Canicule marine : "La Méditerranée se tropicalise", affirme Jean-Pierre Gattuso, chercheur CNRS
"La Méditerranée se tropicalise", a affirmé vendredi 21 juillet sur franceinfo Jean-Pierre Gattuso, chercheur CNRS au Laboratoire d'océanographie de Villefranche-sur-Mer (Alpes-Maritimes), alors qu'une canicule marine touche le bassin méditerranéen, avec des températures allant jusqu'à 30° localement, avec des conséquences sur la faune et la flore. Pour Jean-Pierre Gattuso, deux années consécutives en canicule est "une surprise". Il alerte sur les "mortalités massives" d'espèces constatées et l'apparition de "nouveaux prédateurs" en Méditerranée.
franceinfo : Est-ce que ces températures vous surprennent et vous préoccupent ?
Jean-Pierre Gattuso : Pour la communauté scientifique, ce n'est pas une surprise. Ce qui est une surprise, c'est la rapidité. On a eu une canicule extrêmement intense en Méditerranée l'année dernière, 134 jours, avec une température record de 29,1° à Villefranche-sur-Mer. Donc on peut considérer que la Méditerranée se tropicalise. À 29°, c'est typiquement une température que l'on rencontre dans la zone tropicale. Évidemment, ça redescend en hiver. Mais même la température hivernale en Méditerranée, qui est en gros de 13° sur nos côtes, augmente elle aussi. Beaucoup moins vite, mais elle augmente aussi. On se retrouve avec consécutivement deux années en canicule, alors qu'auparavant ces canicules marines étaient espacées de plusieurs années. Donc on a l'impression d'un emballement qui nous surprend. Des collègues italiens ont signalé des températures bien plus élevées, 30°. C'est du jamais vu en Méditerranée.
"On observe ces températures dans le golfe arabo-persique. Mais en Méditerranée, c'est absolument du jamais vu. J'espère que l'on n'y arrivera pas parce que les conséquences sont vraiment catastrophiques."

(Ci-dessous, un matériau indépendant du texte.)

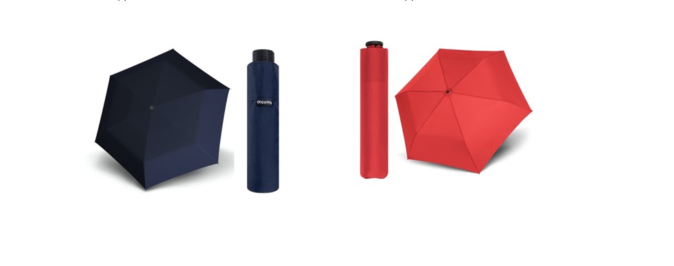 Lehké a skladné jednobarevné deštníky Doppler Havanna s velmi nízkou hmotnosti 160 g nebo dokonce deštník o hmotnosti pouhých 99 g, jak již sám název napovídá, Doppler Zero99, ocení každá dívka, maminka či babička.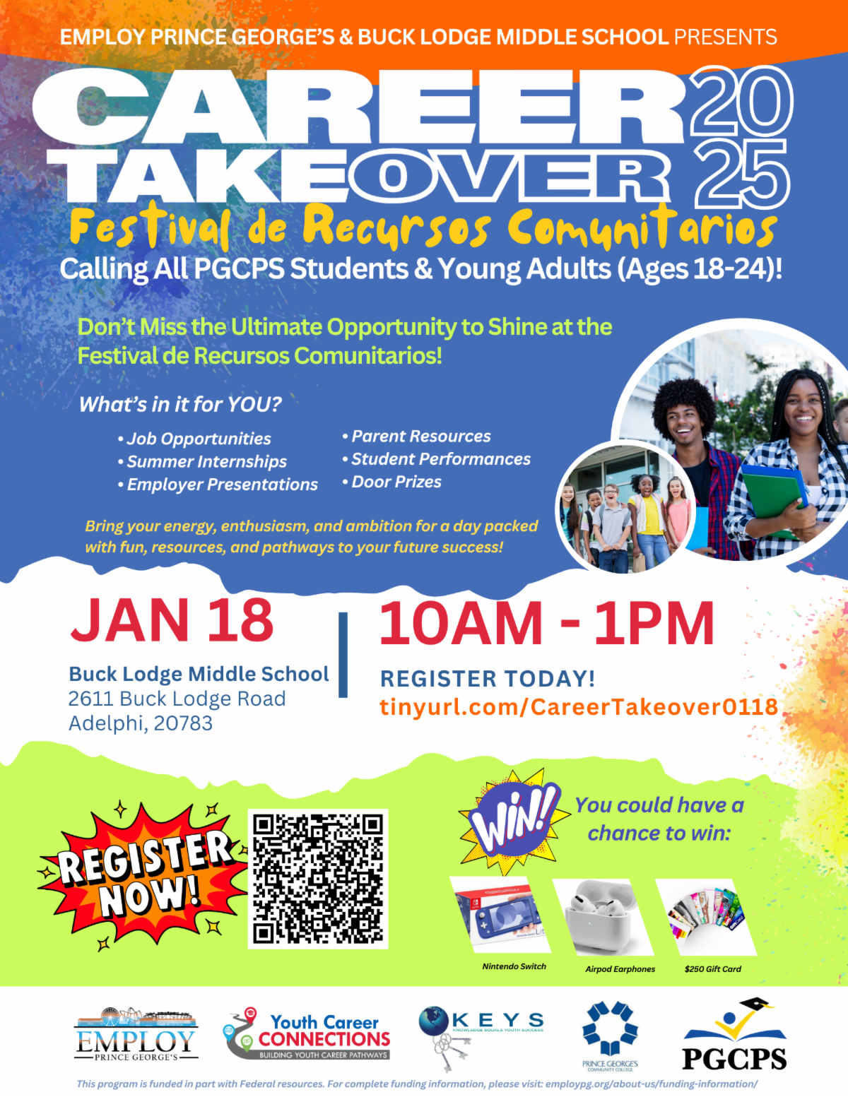 Employ Prince George's and Buck Lodge Middle School presents Career Takeover: Festival de Recursos Comunitarios.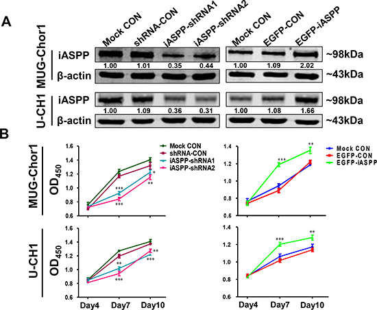 Figure 3: The extrinsic knockdown and overexpression of iASPP and their effects on cells proliferation based on CCK-8 assays. (A) The extrinsic knockdown and overexpression of iASPP in MUG-Chor1 and U-CH1 cells as identified by WB. Numbers below pictures represent semi-quantitative analysis of each line by Quantity One software. (B) Proliferation of both cells with iASPP knockdown and overexpression. n = 3. Mean ± SEM. *p < 0.05, **p < 0.01, ***p < 0.001, iASPP-shRNA1 group or iASPP-shRNA2 group vs. shRNA-CON group, and EGFP-iASPP group vs. EGFP-CON group. CON: control.
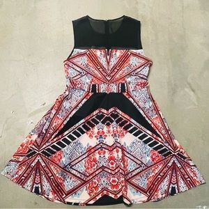 Beautiful lace/netting covers shoulders into a 95% poly 5% spandex form fitting to flowing dress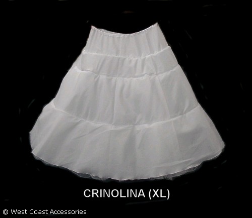 CRINOLINA(XL) DRAWSTRING-NYLON TAFETTA; WT UNDER-SKIRT HAS 3 RUFFLE (TULLE-UNDERSKIRT)FIRST TULLE32" SECOND HAS 2RUFFLE 14"(EACH)WAIST 46" DIA 55"

Jean-Pierre Gattusoà franceinfo
Quelles sont ces conséquences ?
On observe tout d'abord des mortalités massives. On observe aussi des mouvements d'espèces, des migrations. Les espèces qui le peuvent, qui sont mobiles, se déplacent. On a par exemple une affluence de poissons d'origine de zones tempérées qui montent dans l'Arctique ou sur les côtes de l'Islande. Donc ce sont des bonnes nouvelles pour ces pays-là. En revanche, c'est une très mauvaise nouvelle pour la zone intertropicale qui voit ses populations de poissons se réduire de plus en plus. Il y a une certaine injustice parce que ce sont des pays qui ne sont pour pas grand-chose dans le changement climatique et ce sont eux qui en payent le prix en premier.
Vous parlez de mortalités, de disparition de certaines espèces. Est-ce qu'à un, deux ou trois degrés de différence, ces espèces peuvent ne pas survivre dans l'eau ?
Prenons le cas des coraux par exemple. Ils ne meurent pas tous à 100 %. Quand on parle de mortalité massive, il y a beaucoup d'individus qui meurent, mais il en reste quelques-uns, parce qu'ils ont la capacité de résister. Mais avec l'augmentation de la fréquence et de l'intensité de ces vagues de chaleur marine, l'année suivante il y a encore une fraction qui va mourir, et l'année d'après aussi. Donc on ne peut pas envisager un véritable retour à la normale si la fréquence de ces évènements est trop rapide.
Est-ce que l'on voit, à travers les migrations, apparaître des espèces dans certaines zones marines qui n'y avaient jamais été auparavant ?
Oui. On peut citer la Méditerranée. Il y a environ 1 000 espèces de la mer Rouge qui ont réussi à s'installer en Méditerranée en passant par le canal de Suez. C'est une autre manifestation de la tropicalisation de la mer Méditerranée, puisque la mer Rouge est une mer tropicale. Toutes ne posent pas de problèmes, loin de là, mais certaines entrent en compétition avec des espèces natives de la Méditerranée. Par exemple le poisson-lapin, qui est excessivement vorace, qui entre en compétition avec d'autres poissons herbivores. Cela fait de nouveaux prédateurs.